#### [TASK INPUTS]
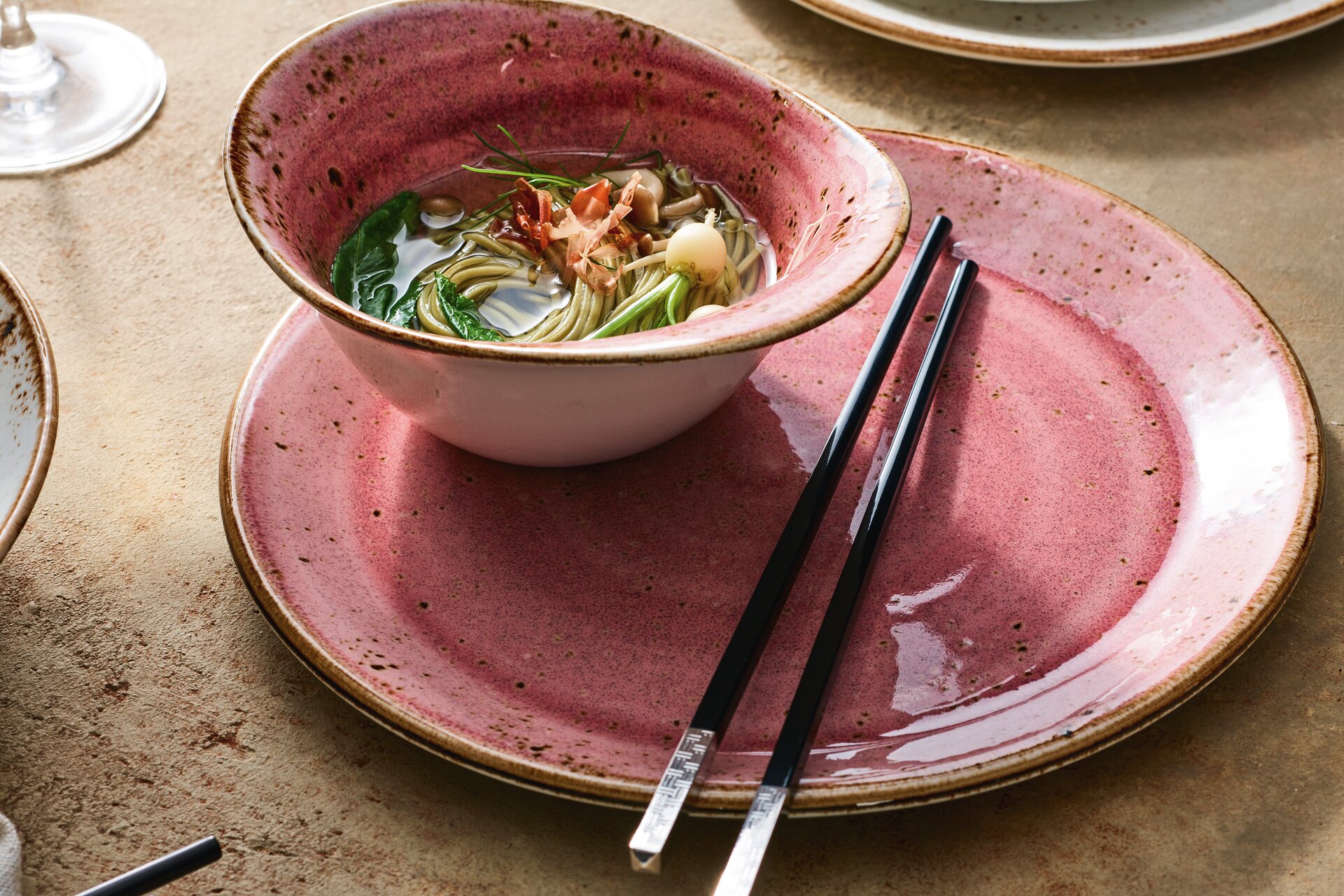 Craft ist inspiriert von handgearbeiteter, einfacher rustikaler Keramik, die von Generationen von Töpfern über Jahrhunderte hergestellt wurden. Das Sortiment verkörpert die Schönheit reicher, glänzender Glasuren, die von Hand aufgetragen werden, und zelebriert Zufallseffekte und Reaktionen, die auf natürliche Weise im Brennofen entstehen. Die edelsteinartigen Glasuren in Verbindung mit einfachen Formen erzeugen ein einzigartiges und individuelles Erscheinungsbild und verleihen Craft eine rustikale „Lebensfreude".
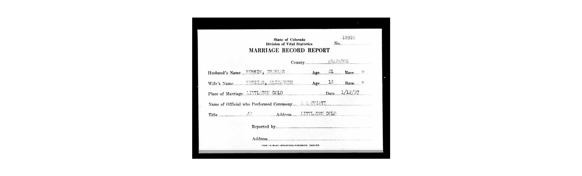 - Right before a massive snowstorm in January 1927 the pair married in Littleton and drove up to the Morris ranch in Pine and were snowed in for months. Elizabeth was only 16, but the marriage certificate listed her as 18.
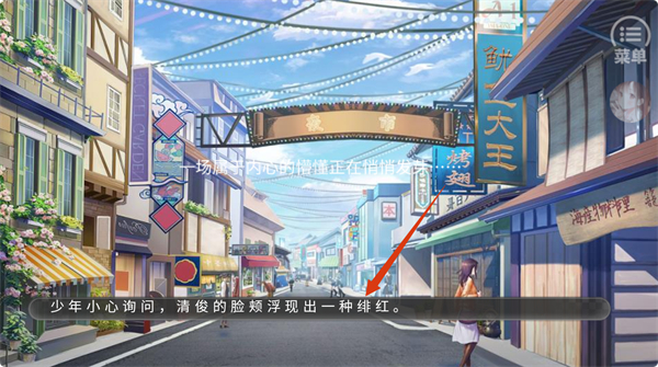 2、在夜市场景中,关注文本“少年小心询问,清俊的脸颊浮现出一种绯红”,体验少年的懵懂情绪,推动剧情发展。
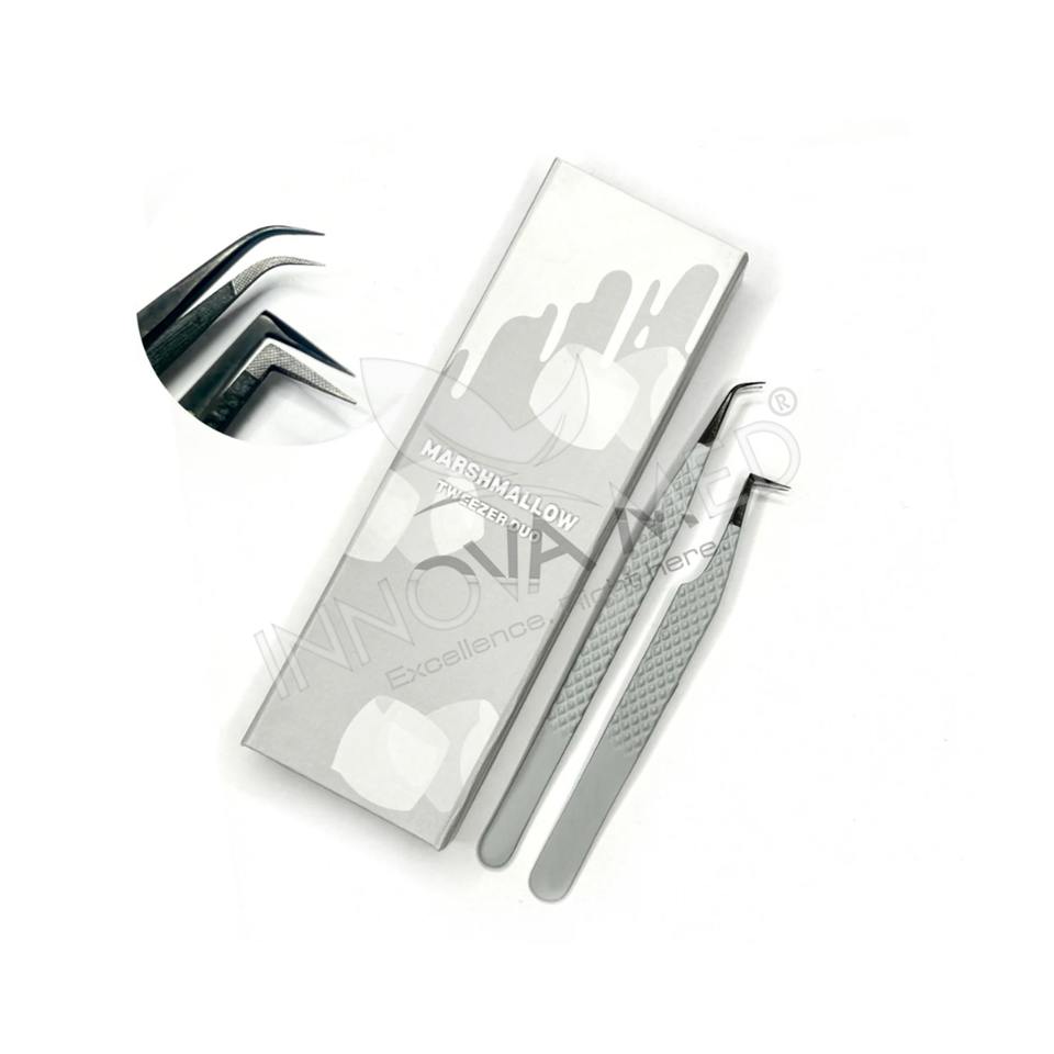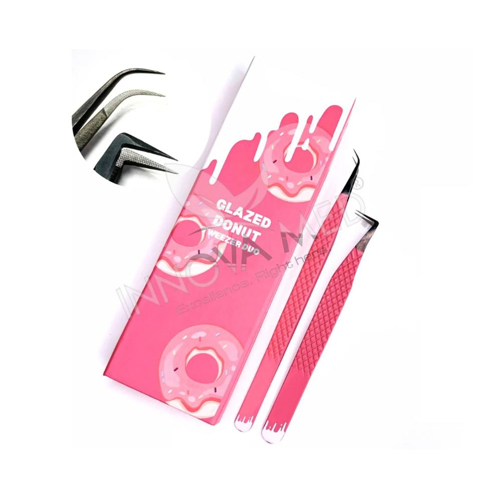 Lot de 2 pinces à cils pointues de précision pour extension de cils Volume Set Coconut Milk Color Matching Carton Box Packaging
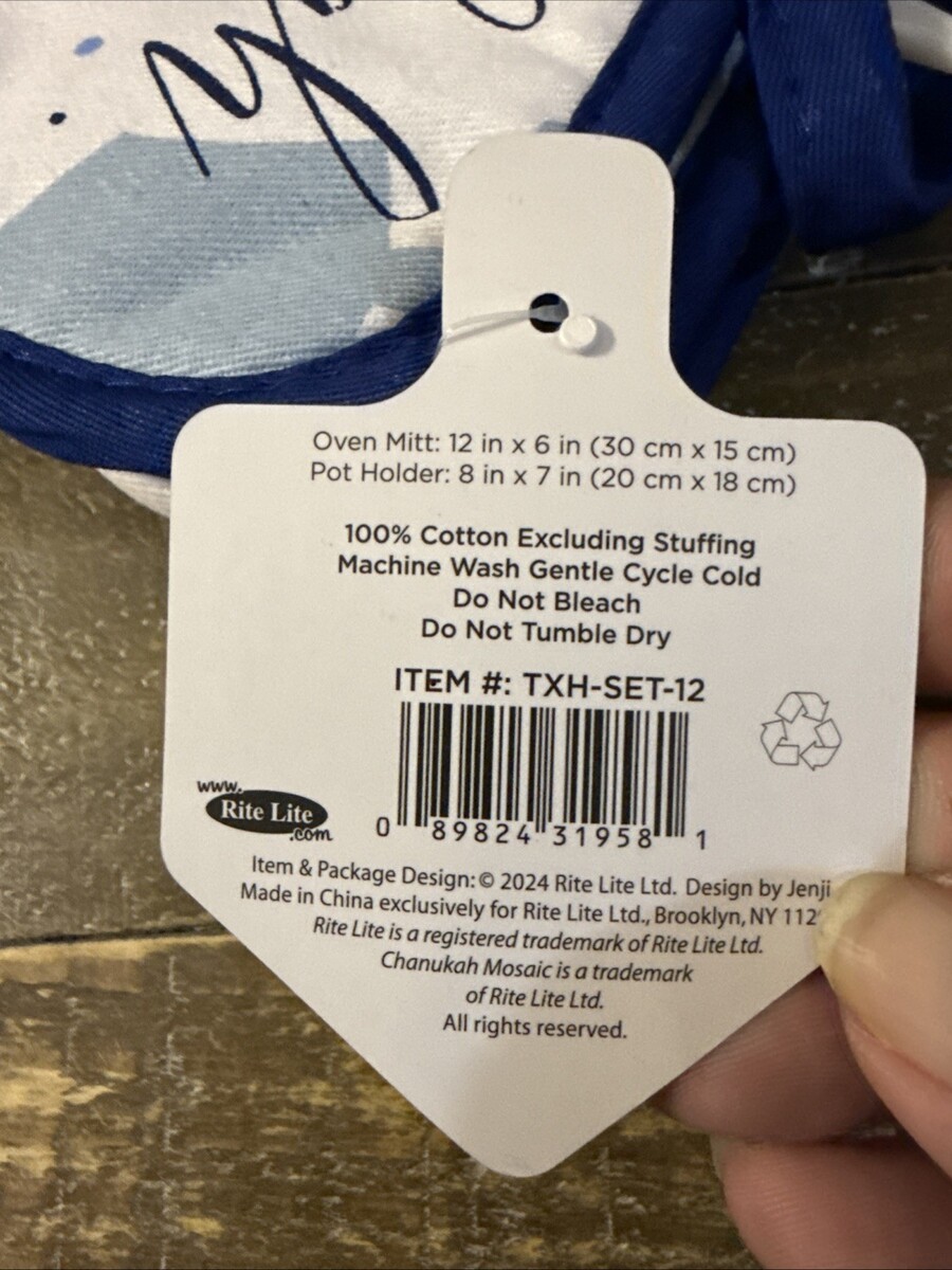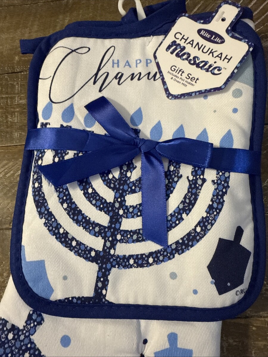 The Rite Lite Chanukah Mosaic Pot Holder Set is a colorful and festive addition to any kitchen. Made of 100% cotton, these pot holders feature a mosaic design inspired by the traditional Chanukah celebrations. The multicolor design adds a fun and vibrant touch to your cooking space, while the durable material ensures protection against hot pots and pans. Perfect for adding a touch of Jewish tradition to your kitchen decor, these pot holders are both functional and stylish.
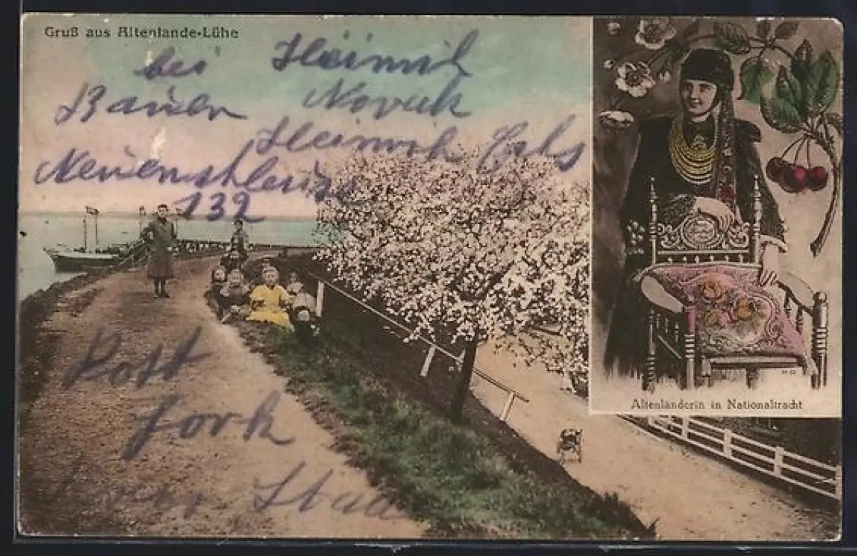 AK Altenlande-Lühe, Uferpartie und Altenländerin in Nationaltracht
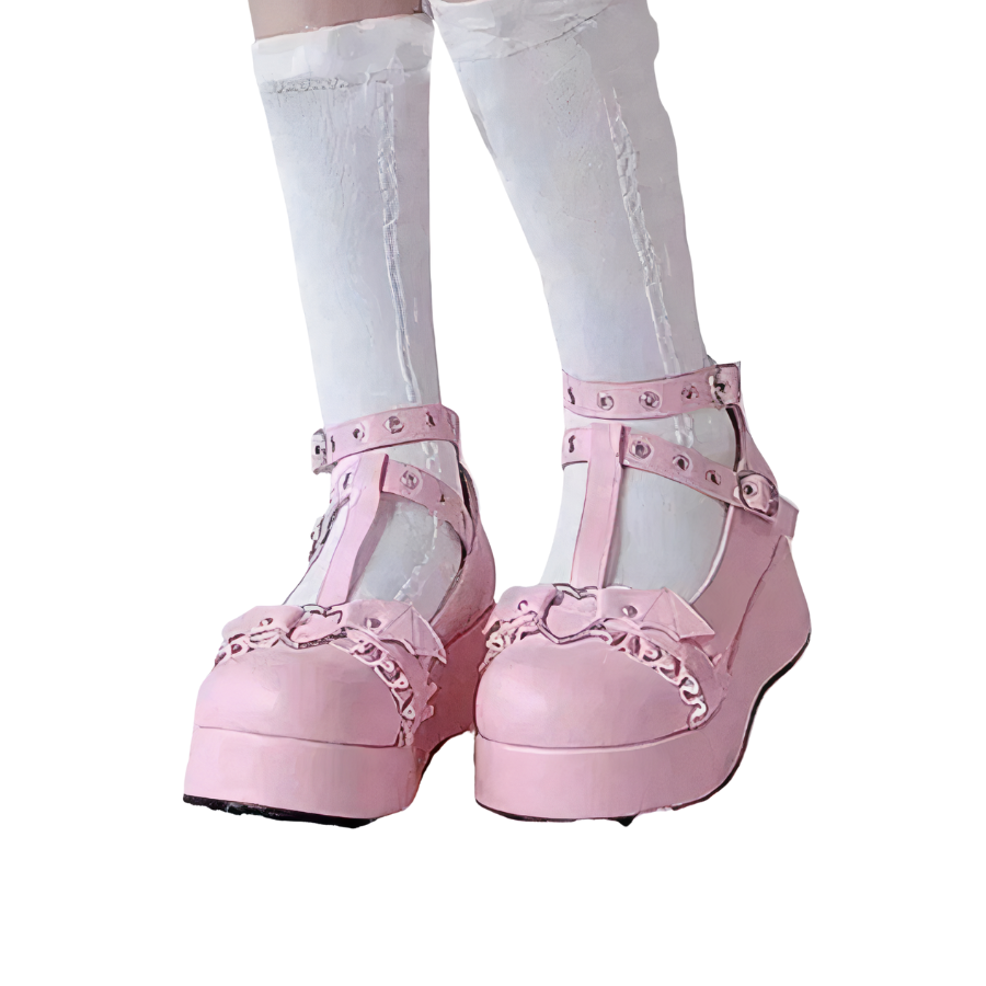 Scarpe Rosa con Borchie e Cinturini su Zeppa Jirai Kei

#### [WHAT YOU ARE ASKED TO DO]
Would you repeat the complete listing exactly, excluding each picture it holds?

#### [WRITTEN SOLUTION]
 Craft ist inspiriert von handgearbeiteter, einfacher rustikaler Keramik, die von Generationen von Töpfern über Jahrhunderte hergestellt wurden. Das Sortiment verkörpert die Schönheit reicher, glänzender Glasuren, die von Hand aufgetragen werden, und zelebriert Zufallseffekte und Reaktionen, die auf natürliche Weise im Brennofen entstehen. Die edelsteinartigen Glasuren in Verbindung mit einfachen Formen erzeugen ein einzigartiges und individuelles Erscheinungsbild und verleihen Craft eine rustikale „Lebensfreude".
 - Right before a massive snowstorm in January 1927 the pair married in Littleton and drove up to the Morris ranch in Pine and were snowed in for months. Elizabeth was only 16, but the marriage certificate listed her as 18.
 2、在夜市场景中,关注文本“少年小心询问,清俊的脸颊浮现出一种绯红”,体验少年的懵懂情绪,推动剧情发展。
 Lot de 2 pinces à cils pointues de précision pour extension de cils Volume Set Coconut Milk Color Matching Carton Box Packaging
 The Rite Lite Chanukah Mosaic Pot Holder Set is a colorful and festive addition to any kitchen. Made of 100% cotton, these pot holders feature a mosaic design inspired by the traditional Chanukah celebrations. The multicolor design adds a fun and vibrant touch to your cooking space, while the durable material ensures protection against hot pots and pans. Perfect for adding a touch of Jewish tradition to your kitchen decor, these pot holders are both functional and stylish.
 AK Altenlande-Lühe, Uferpartie und Altenländerin in Nationaltracht
 Scarpe Rosa con Borchie e Cinturini su Zeppa Jirai Kei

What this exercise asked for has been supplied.